We rijden samen met onze zoon naar het ziekenhuis. We vragen ons sterk af hoe de arts en pedagogisch medewerker zullen reageren, maar in mijn hoofd heb ik het hele verhaal al klaar.

Moedergevoel

Daar ligt ze dan, onze kleine schat. Ze is veranderd na drie dagen. Ik zie het in haar ogen. Niemand ziet dat behalve ik. Snel trek ik haar uit haar bedje, ondanks de reglementen. “We nemen je weer mee naar huis lieve schat”. Ik druk haar stevig tegen mij aan en voel dat het goed is.

Ik heb mijn moederinstinct weer teruggevonden.
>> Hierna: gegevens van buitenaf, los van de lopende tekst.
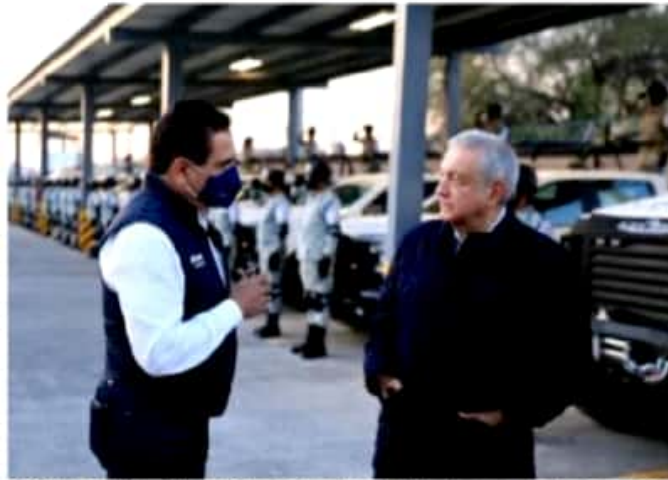
MORELIA, MICH.- El presidente anunció el inicio de entrega de apoyos del Bienestar y compra de vacunas, desde Cotija.

■ Con el compromiso de adquirir 120 millones de dosis se busca garantizar el acceso universal y gratuito
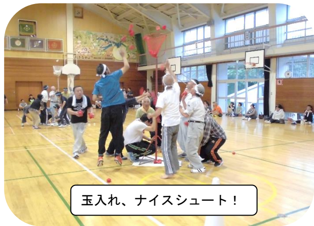
玉入れ、ナイスシュート!
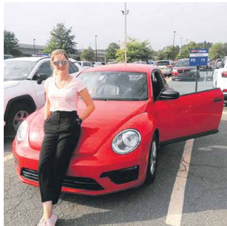
Mūsu ceļojuma biedrene visu nedēļu – VW Beetle .

iespaidīgi, visapkārt dažāda izmēra lielgabali, tikai žēl, ka neesam ieradusies uz laiku, kad notiek arī senās artilērijas demonstrācija. Izstaigājam barakas, kas izskatās kā tikai nupat pamestas: vēl arvien uz lāvu dēļiem guļ salmu maisi, stāv ūdens mucas un mazas krāsniņas. Pārņem

Verbouwereerd komt de pedagogisch medewerker binnen, maar ik geloof dat ze het al ziet. Veel hoeven we niet uit te leggen. Ze benadrukt nog wel dat ik een moeder ben met wel erg veel moedergevoel. Alsof zoiets te meten is. Ik verbaas mij dat ik kennelijk geen ‘doorsnee moeder’ ben in haar ogen.
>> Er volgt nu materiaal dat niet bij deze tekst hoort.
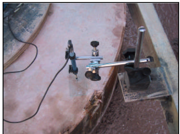
Detalle de los sensores de desplazamiento

Ik voel me trots en rijk als we in de auto terugrijden met twee kinderen op de achterbank. Trots dat we hebben gevochten voor onze dochter en ondanks elk medisch advies ons gevoel bleven volgen. De opname was een eye opener voor ons. Helaas geen erkenning binnen het medische circuit, maar mijn gezonde verstand en bovenal mijn moederinstinct heb ik weer teruggevonden.

Roze wolk

Wat een bijzondere reis maken we zo samen, lieve kleine schat. Geen reis op een mooie roze wolk, maar wel een die mij in staat stelt de energetische verbinding tussen jou en mij te versterken. De antwoorden die heb ik niet van de artsen nodig. Ik hoef alleen maar goed naar jou te luisteren en te vertrouwen op mijn intuïtie.

Ik hoef alleen maar goed naar jou te luisteren en te vertrouwen op mijn intuïtie.